To date we have not performed any work on the claim nor have we spent any money on research and development activities. Information about the claim was presented to Mr. Doutaz for review without any contractual obligations.
The claim is unencumbered and there are no competitive conditions which affect it. Further, there is no insurance covering the claim. We believe that no insurance is necessary since the claim is unimproved and contains no buildings or improvements.
The claim is located on NTS 1:50,000 sheet 42L/07W in the Maun Lake area northwest of Thunder Bay in the province of Ontario. The property consists of one unpatented claim block covering 64 hectares (160 acres). The claim details are shown in the following table:
Claim Name | Tenure Number | Recording Date | Expiry Date |
Maun Lake | TB 1196524 | July 10, 2003 | July 09, 2005 |
To keep the claim in good standing, such that it does not expire on the date indicated in the preceding, we must begin exploration on or before July 09, 2005 or pay $1,600 to prevent the claim from reverting to the Crown.
It is our intention to incorporate a Canadian subsidiary company and record the deed of ownership in the name of our subsidiary if gold is discovered on the claim and it appears that it would be economically viable to commercially mine.
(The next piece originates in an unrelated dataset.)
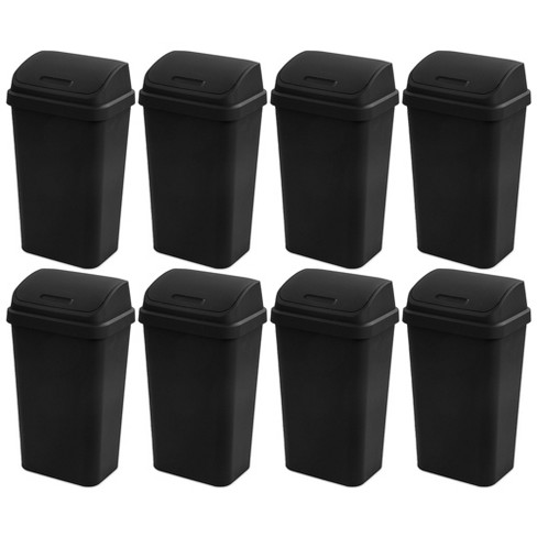 Sterilite 13 Gallon Plastic Swing Top Spave Saving Flat Side Lidded Wastebasket Trash Can for Kitchen, Garage, or Workspace, Black (8 Pack)

Alton is an exploration stage company. There is no assurance that a commercially viable mineral deposit exists on the claim that we have under option. Further exploration will be required before an evaluation as to the economic and legal feasibility of the claim is determined. We have a specific business plan to complete phase I of our exploration program based on the success of this offering and a specific timetable and have no intention of entering into a merger or acquisition within the next twelve months.
(c) Proposed Exploration Program – Plan of Operation
Our business plan is to proceed with initial exploration of the claim to determine if there are commercially exploitable deposits of gold. We plan a three-phase exploration program to properly evaluate the potential of the claim. We must conduct exploration to determine what minerals, if any, exist on the claim and if any minerals which are found can be economically extracted and profitably processed.
We do not claim to have any ores or reserves whatsoever at this time on our optioned claim.
We anticipate that phase I of the planned geological exploration program on the claim will cost $19,500, which is a reflection of local costs for the specified type of work. We had $12,968 in cash reserves as of September 30, 2004 but anticipate on-going operating expenses of approximately $2,000 per month and other infrequent expenses expected to amount to approximately $6,000 per year . Accordingly, we will not be able to proceed with the first phase of the exploration program without additional financing.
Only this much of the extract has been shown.